Par ailleurs, nous ne sommes pas très favorables au système de reprise sur succession, ni au droit d'option conduisant à moduler le montant de l'APA de l'intéressé selon qu'il aura opté ou non pour la reprise de succession. En tout état de cause, nous estimons que le seuil de 100 000 euros, qui correspond au niveau minimal du patrimoine permettant d'exercer ce droit d'option, est beaucoup trop faible pour être pertinent.

D'une façon générale, l'UNIOPSS n'est pas hostile à la mise en place d'un ticket modérateur, dès lors que les personnes dont les ressources seraient inférieures à un certain seuil pourraient en être exonérées.

Cinquièmement, enfin, nous demandons que le portage du niveau risque soit piloté par la CNSA, que sa mise en oeuvre soit assurée par les départements, et que ces derniers ne servent plus de variable d'ajustement comme c'est le cas aujourd'hui – en particulier pour l'APA. Nous tenons, en effet, à cette nouvelle forme de gouvernance de la protection sociale, laquelle nous paraît une évolution très heureuse dans la mesure où elle fait intervenir les corps intermédiaires du secteur social, notamment les collectivités territoriales et les associations de solidarité.

Monsieur le président, nous n'ignorons évidemment pas les contraintes, notamment financières, qui pèsent sur ce dossier et nous concevons que nos suggestions puissent ne pas se concrétiser rapidement.

Pour autant, plusieurs objectifs pourraient être poursuivis. D'abord, il faudrait remédier à court terme aux disparités des outils d'évaluation de la dépendance, d'une part, dans les collectivités territoriales et les établissements d'hébergement des personnes âgées dépendantes (EHPAD), et, d'autre part, dans les organismes d'assurance. Bien que très technique, cet aspect ne doit pas être négligé. Ensuite, il conviendrait de faire converger ce qu'il est d'ores et déjà possible de faire converger dans les domaines des transports et du logement, où les problèmes se posent de façon très équivalente aux personnes handicapées et aux personnes âgées. Enfin, il serait nécessaire de ménager les solidarités familiales, qui offrent un appui très puissant, notamment au secteur de la dépendance : les aidants méritent d'être davantage soutenus par la collectivité publique.
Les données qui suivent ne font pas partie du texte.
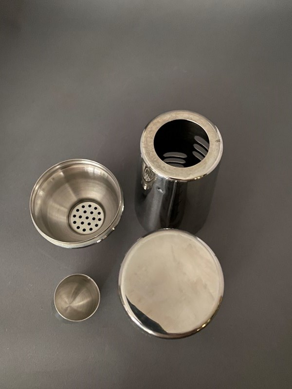 Vintage silver plated Recipe/menu cocktail shaker 1950s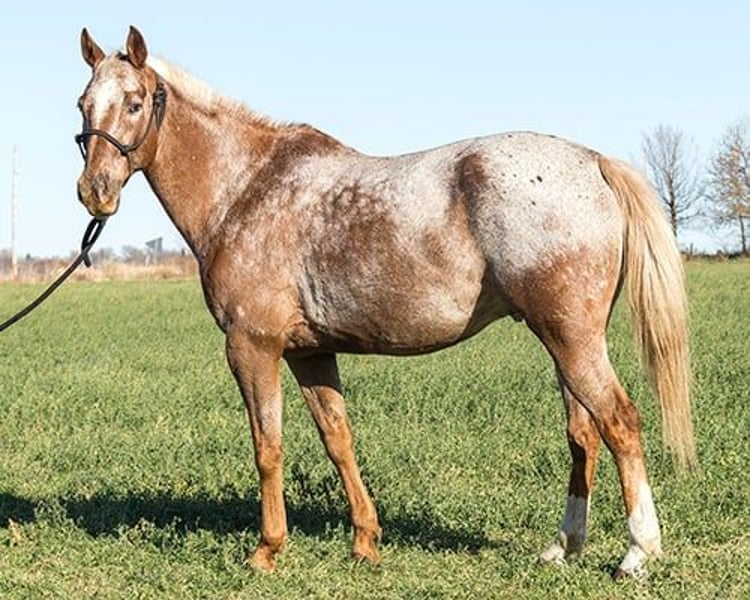 "AVAILABLE ON ONLINE HORSE AUCTION AT www DOT MagicHorseAuction DOT com BIDDING OPEN NOW thru TUESDAY | November 25TH! - BUY IT NOW AVAILABLE! *Final price will be determined on auction site* CONSIGNOR CONTACT INFO: Shauna Cooper 309-229-4249 LOCATION: Princeville, IL * Okies Smokin Lena * Okies Smokin Lena aka Rusty is a 2015 Registered Appaloosa Gelding. He is a spotted sorrel that stands 16.1 hh tall. Rusty his a jack of all trades. He has had training in multiple disciplines. He has 4 months of barrel racing training as well as 6 months of dressage training. He has been extensively rode on trails. He is traffic safe and will ride all day for you. He also has ponied other horses on the trails with no problems. He will ride English or western. He has experience carrying a flag. Rusty has more whoa than go but is eager and ready to please. Feel free to reach out at any time for questions or to schedule a visit with Rusty!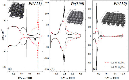 REFERÊNCIAS E NOTAS 1. Clavilier, J.; Faure, R.; Guinet, G.; Durand, R.; J. Electroanal. Chem. 1980, 360, 325. DOI: http://dx.doi.org/10.1016/0022-0728(93)87025-Q 2. Clavilier, J.; J. Electroanal. Chem. 1980, 107, 211. DOI: http://dx.doi.org/10.1016/S0022-0728(79)80023-6 3. Clavilier, J.; Durand, R.; Guinet, G.; Faure, R.; J. Electroanal. Chem. 1981, 127, 281. DOI: http://dx.doi.org/10.1016/S0022-0728(81)80488-3 4. Jerkiewicz, G.; Electrocatalysis 2010, 1, 179. DOI: http://dx.doi.org/10.1007/s12678-010-0016-z 5. Christmann, K.; Ertl, G.; Pignet, T.; Surf. Sci. 1976, 54, 365. DOI: http://dx.doi.org/10.1016/0039-6028(76)90232-6 6. Markovic, N. M.; Schmidt, T. J.; Grgur, B. N.; Gasteiger, H. A.; Behm, R. J.; Ross, P. N.; J. Phys. Chem. B 1999, 103, 8568. DOI: http://dx.doi.org/10.1021/jp991826u 7. Wagner, F. T.; Ross Jr., P. N.; J. Electroanal. Chem. Interfacial Electrochem. 1988, 250, 301. DOI: http://dx.doi.org/10.1016/0022-0728(88)85172-6 8. Aberdam, D.; Durand, R.; Faure, R.; El-Omar, F.; Surf. Sci. 1986, 171, 303. DOI: http://dx.doi.org/10.1016/0167-2584(86)91147-3 9. Jaaf-Golze, K. A.; Kolb, D. M.; Scherson, D.; J. Electroanal. Chem. 1986, 200, 353. DOI: http://dx.doi.org/10.1016/0022-0728(86)90067-7 10. Scherson, D. A.; Kolb, D. M.; Electroanal. Chem. Interf. Electrochem. 1984, 176, 353. DOI: http://dx.doi.org/10.1016/S0022-0728(84)80330-7 11. Adzic, R. R.; Feddrix, F.; Nikolic, B. Z.; Yeager, E.; J. Electroanal. Chem. 1992, 341, 287. DOI: http://dx.doi.org/10.1016/0022-0728(92)80489-Q<, /p> 12. Garcia-Araez, N.; Lukkien, J. J.; Koper, M. T. M.; Feliu, J. M.; J. Electroanal. Chem. 2006, 588, 1. DOI: http://dx.doi.org/10.1016/j.jelechem.2005.11.034 13. Gamboa-Aldeco, M. E.; Herrero, E.; Zelenay, P. S.; Wieckowski, A.; J. Electroanal. Chem. 1993, 348, 451. DOI: http://dx.doi.org/10.1016/0022-0728(93)80151-7 14. Kolics, A.; Wieckowski, A.; J. Phys. Chem. B 2001, 105, 2588. DOI: http://dx.doi.org/10.1021/jp003536f 15. Iwasita, T.; Nart, F. C.; Rodes, A.; Pastor, E.; Weber, M.; Electrochim. Acta 1995, 40, 53. DOI: http://dx.doi.org/10.1016/0013-4686(94)00239-W 16. Nart, F. C.; Iwasita, T.; Weber, M.; Electrochim. Acta 1994, 39, 961. DOI: http://dx.doi.org/10.1016/0013-4686(94)85113-1 17. Shingaya, Y.; Ito, M.; Chem. Phys. Lett. 2001, 340, 425. DOI: http://dx.doi.org/10.1016/S0009-2614(01)00374-8 18. Braunschweig, B.; Daum, W.; Langmuir 2009, 25, 11112. DOI: http://dx.doi.org/10.1021/la901399j PMID: 19456179 19. Friebel, D.; Broekmann, P.; Wandelt, K.; physica status solidi (a) 2004, 201, 861. DOI: http://dx.doi.org/10.1002/pssa.200304371 20. Itaya, K.; Prog. Surf. Sci. 1998, 58, 121. DOI: http://dx.doi.org/10.1016/S0079-6816(98)00022-7 21. Souza-Garcia, J.; Climent, V.; Feliu, J. M.; Electrochem. Commun. 2009, 11, 1515. DOI: http://dx.doi.org/10.1016/j.elecom.2009.05.044 22. Chen, Q.-S.; Solla-Gullon, J.; Sun, S.-G.; Feliu, J. M.; Electrochim. Acta 2010, 55, 7982. DOI: http://dx.doi.org/10.1016/j.electacta.2010.03.050 23. Orts, J. M.; Gómez, R.; Feliu, J. M.; Aldaz, A.; Clavilier, J.; Electrochim. Acta 1994, 39, 1519. DOI: http://dx.doi.org/10.1016/0013-4686(94)85129-8 24. Abruña, H. D.; Feliu, J. M.; Brock, J. D.; Buller, L. J.; Herrero, E.; Li, J.; Gómez, R.; Finnefrock, A.; Electrochim. Acta 1998, 43, 2899. DOI: http://dx.doi.org/10.1016/S0013-4686(98)00030-9 25. Kuzume, A.; Herrero, E.; Feliu, J. M.; J. Electroanal. Chem. 2007, 599, 333. DOI: http://dx.doi.org/10.1016/j.jelechem.2006.05.006 26. Souza-Garcia, J.; Ticianelli, E. A.; Climent, V.; Feliu, J. M.; Electrochim. Acta 2009, 54, 2094. DOI: http://dx.doi.org/10.1016/j.electacta.2008.08.059 27. Tanaka, A.; Adzic, R.; Nikolic, B.; J. Serb. Chem. Soc. 1999, 64, 695. 28. Angelucci, C. A.; Nart, F. C.; Herrero, E.; Feliu, J. M.; Electrochem. Commun. 2007, 9, 1113. DOI: http://dx.doi.org/10.1016/j.elecom.2007.01.012 29. Rodríguez-López, M.; Solla-Gullón, J.; Herrero, E.; Tuñón, P.; Feliu, J. M.; Aldaz, A.; Carrasquillo Jr, A.; J. Am. Chem. Soc. 2010, 132, 2233. DOI: http://dx.doi.org/10.1021/ja909082s PMID: 20121124 30. Santos, V. P.; Tremiliosi Filho, G.; Quim. Nova 2001, 24, 856. DOI: http://dx.doi.org/10.1590/S0100-40422001000600024 31. http://surfexp.fhi-berlin.mpg.de/SXinput.html, acessada em Dezembro 2014 32. Strauss, S. H.; Chem. Rev. 1993, 93, 927. DOI: http://dx.doi.org/10.1021/cr00019a005 33. Calvente, J. J.; Marinkovic, N. S.; Kovacova, Z.; Fawcett, W. R.; J. Electroanal. Chem. 1997, 421, 49. DOI: http://dx.doi.org/10.1016/S0022-0728(96)04857-7 34. Markovic, N.; Hanson, M.; McDougall, G.; Yeager, E.; J. Electroanal. Chem. 1986, 214, 555. DOI: http://dx.doi.org/10.1016/0022-0728(86)80124-3 35. Yau, S. L.; Itaya, K.; Colloids Surf., A 1998, 134, 21. DOI: http://dx.doi.org/10.1016/S0927-7757(97)00309-9 36. Berná, A.; Feliu, J. M.; Gancs, L.; Mukerjee, S.; Electrochem. Commun. 2008, 10, 1695. DOI: http://dx.doi.org/10.1016/j.elecom.2008.08.042 37. O termo (bi)sulfato aqui utilizado refere-se aos ânions bissulfato (HSO4-) e sulfato (SO42-) que podem estar presentes na superfície do eletrodo. Maiores detalhes sobre essa diferenciaçao serao apresentados nos parágrafos seguintes. 38. Howard, S. T.; Attard, G. A.; Lieberman, H. F.; Chem. Phys. Lett. 1995, 238, 180. DOI: http://dx.doi.org/10.1016/0009-2614(95)00335-5 39. Olivera, P. P.; Parito, E. M.; Sellers, H. In Interfacial electrochemistry: theory, experiment, and applications; Wieckowski, A., ed.; Marcel-Dekker: New York, 1999, p 63. 40. Clavilier, J.; Albalat, R.; Gomez, R.; Orts, J. M.; Feliu, J. M.; Aldaz, A.; J. Electroanal. Chem. 1992, 330, 489. DOI: http://dx.doi.org/10.1016/0022-0728(92)80326-Y 41. Climent, V.; Gómez, R.; Feliu, J. M.; Electrochim. Acta 1999, 45, 629. DOI: http://dx.doi.org/10.1016/S0013-4686(99)00241-8 42. Climent, V.; Gómez, E.; Orts, J. M.; Feliu, J. M. In Hydrogen at surface and interfaces; Jerkiewicz, G.; Feliu, J. M.; Popov, B. N., eds.; The Electrochemical Society: Pennington, NJ, 2000; Vol. 2000-16. 43. Sibert, E.; Faure, R.; Duran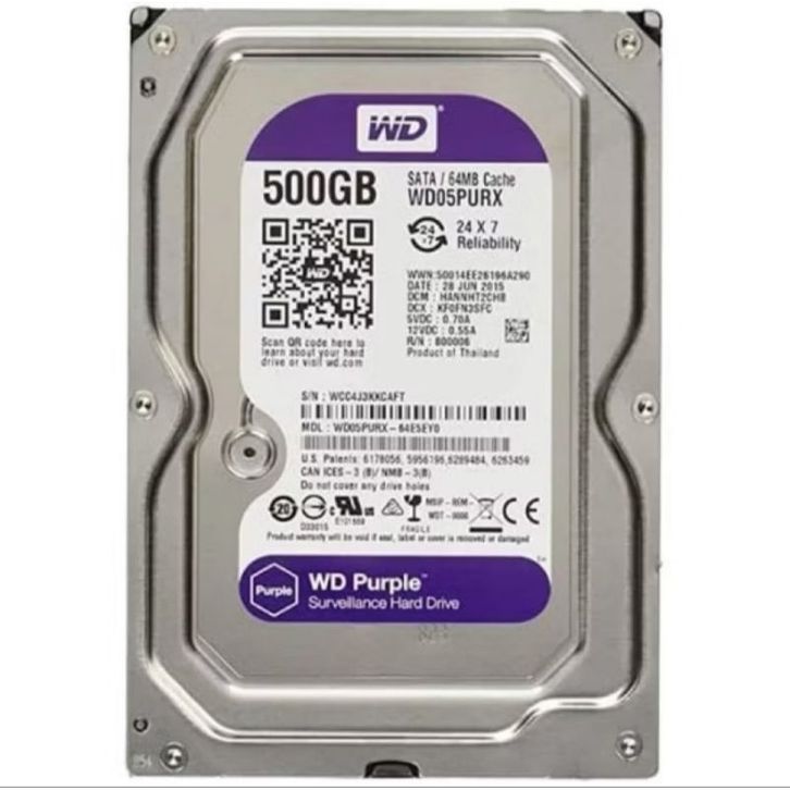 HARDISK 500GB WD PURPLE SATA 35" HDD CCTV DVR Barang New 0 Days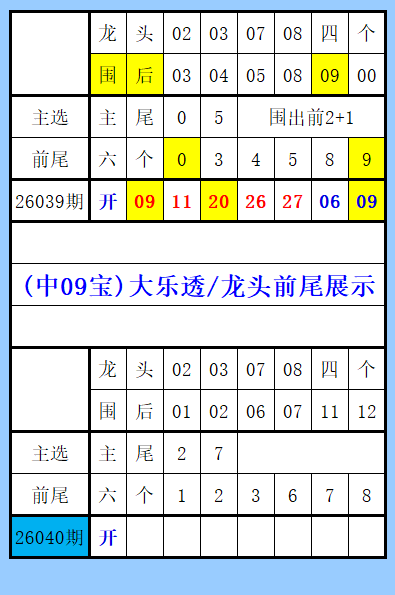 26039 期开奖 09、11、20、26、27+06、09,前区呈现三奇两偶,连号与同尾号码走势平稳,后区开出奇偶组合,落点于中位区间。
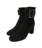 ショートブーツ シューズ ヒール サイドベルト スエード 36 23.0cm 黒 ブラック 0122 ■MNK4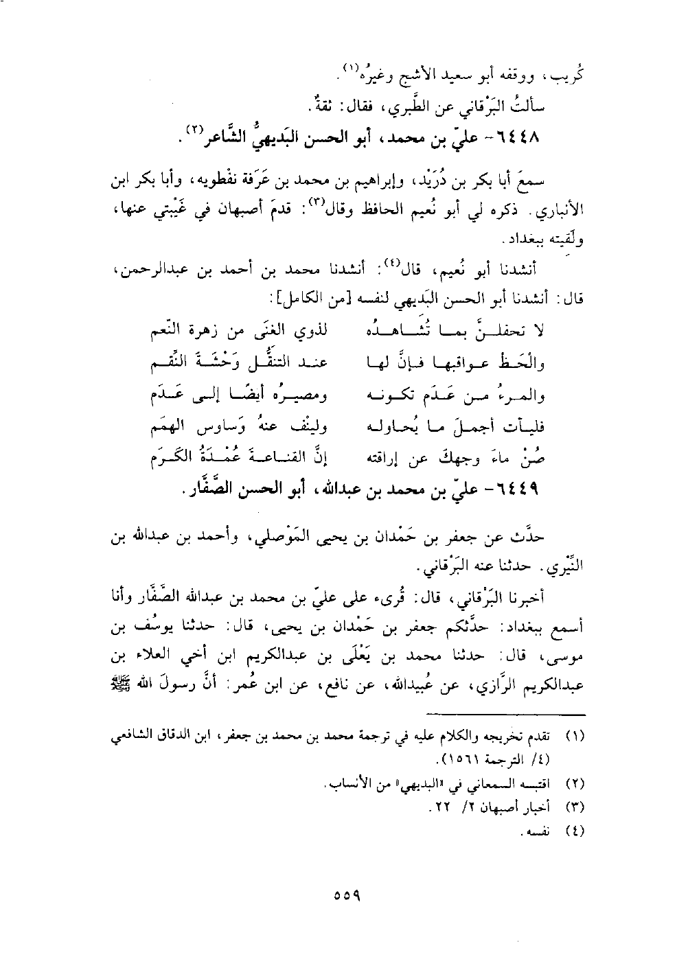 أنشدنا أَبُو نعيم، قَالَ: أنشدنا مُحَمَّد بْن أَحْمَد بْن عَبْد الرَّحْمَن، قَالَ: أنشدنا أَبُو الحسن البديهي لنفسه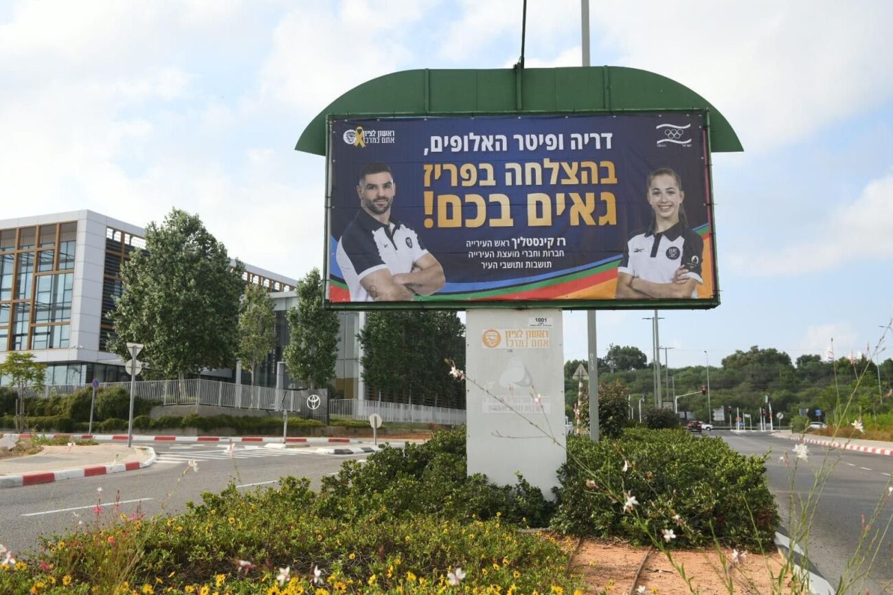 עיריית ראשון לציון יצאה בקמפיין שילוט חוצות המעודד את דריה אטמנוב ופיטר פלצ'יק שייצגו את העיר באולימפיאדת פריז

Même si, par extraordinaire, les pouvoirs publics ne pouvaient pas mettre rapidement en place la prestation globale que nous appelons de nos voeux, des mesures restent envisageables pour le moyen terme. Bien évidemment, il ne faudrait rien faire, dans le secteur de la dépendance des personnes âgées, qui risque de compromettre l'ouverture du régime au secteur du handicap. Plus fondamentalement, il serait bon qu'une loi cadre fixe des principes susceptibles d'inspirer la réforme de la dépendance pour les personnes âgées, ainsi que son ouverture aux personnes handicapées : cela constituerait, pour les pouvoirs publics, un engagement politique plus net que celui qui figure déjà dans la loi du 11 février 2005. Serait d'ores et déjà consacré le principe même de convergence des prestations et de suppression de la barrière d'âge de 60 ans – il s'agit du premier principe. De la même façon, la loi cadre pourrait prévoir que la future prestation serait construite à partir du besoin d'autonomie et du projet de vie de chacun – deuxième principe ; que la solidarité nationale aurait une place majoritaire dans le financement du régime – troisième principe ; que la gouvernance ferait appel aux collectivités territoriales et au monde associatif de la solidarité – quatrième principe. Ainsi, poserait-on la base d'une réforme d'ensemble qui, dans l'immédiat, toucherait le secteur de la dépendance des personnes âgées, mais qui, dans le futur, pourrait inspirer la mise en place de la convergence que nous appelons de nos voeux.